Yes…they promote butter…of course!!
State Fair of Texas
I first found out about the Southwest Dairy Farmers because of their booth every year at the Texas State Fair. They would pass out wonderful recipe brochures and sometimes samples of dairy products! We always made their booth a priority. Later, after I started teaching…I found out that the Southwest Dairy Farmers will bring a Mobile Dairy Classroom to schools in the states they serve! The children could actually watch a cow being milked and learn exciting facts about the dairy industry! No doubt, the children absolutely enjoyed the presentation and so did the teachers! I just wish that they had passed out their wonderful recipes to us!
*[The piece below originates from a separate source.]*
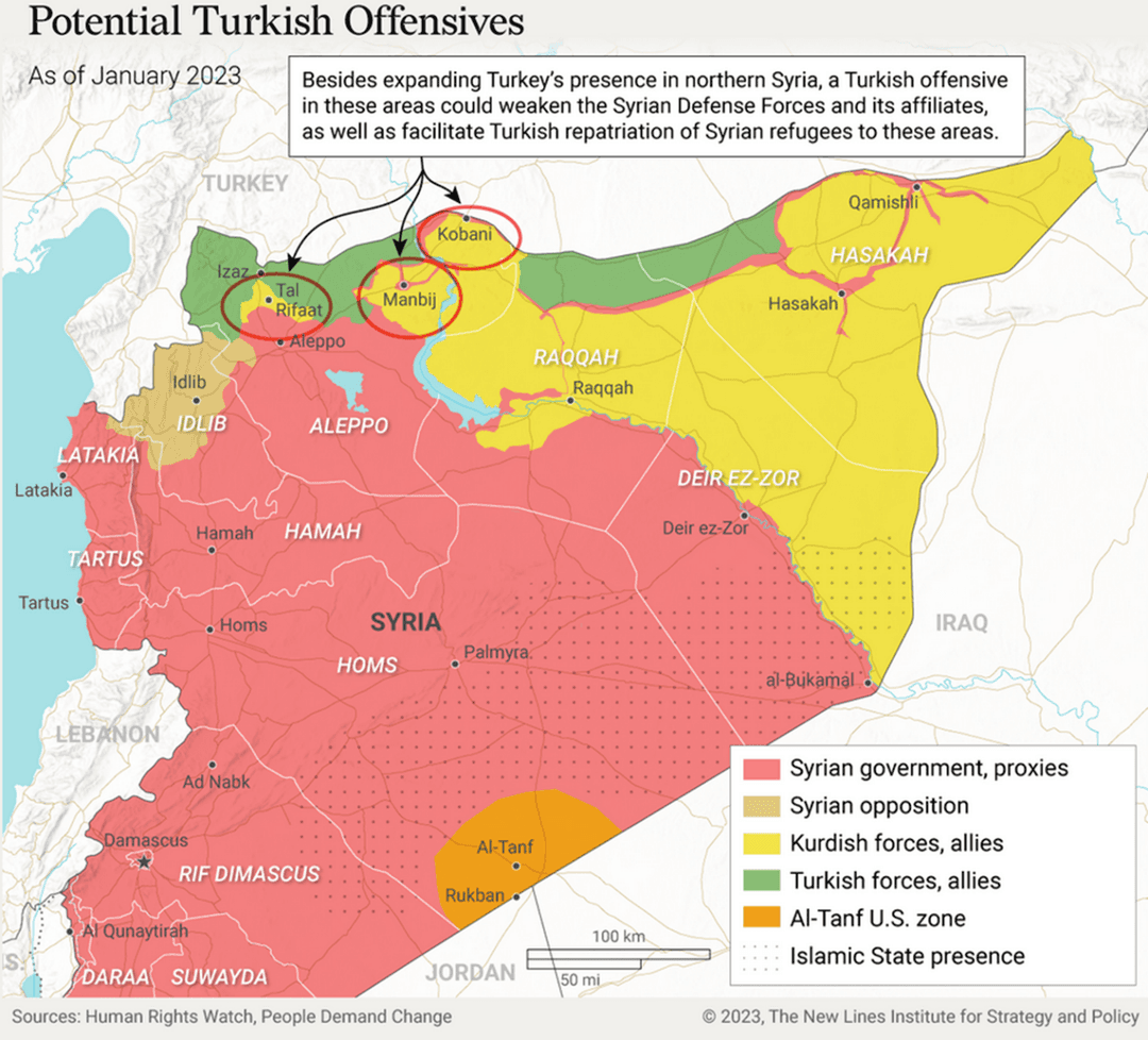 Kurdistan 24 berichtet im August 2023, dass Berichten zufolge ein Militärposten der syrischen Regierung in der Nähe von Manbij von einer türkischen Drohne angegriffen worden sei (Kurdistan24, 13. August 2023).

Several years ago, I received a really wonderful recipe brochure…courtesy of the Southwest Dairy Farmers at the State Fair of Texas! The name of the brochure was…
Baking With Butter!
The following is one of my favorite recipes from the brochure…
State Fair Yeast Biscuits
2 cups warm water
2 packages dry yeast
4 tablespoons sugar
1 1/2 teaspoon salt
5 cups flour
1 1/2 teaspoon baking powder
1/2 cup powdered milk
1/2 cup butter
Combine warm water (108 degrees), sugar and yeast. Set aside to proof. In a bowl, sift or whisk together 1 cup flour, dry milk, salt and baking powder.
In a mixer bowl, cut butter and the flour mixture (above) together. Scrape bowl to make sure all ingredients are blended. Add yeast mixture and mix thoroughly, Add remaining flour, a little at a time, and mix until dough forms a sticky ball. Turn out on a lightly floured surface and knead 15 to 20 times until dough is elastic. Roll out to 1/2 inch, cut with biscuit cutter and place on a lightly greased pan. Brush tops with melted butter and let rise about 40 minutes. At this time, preheat oven to 450 degrees.
Bake at 450 degrees about 10 to 12 minutes. Remove from oven and brush tops with melted butter.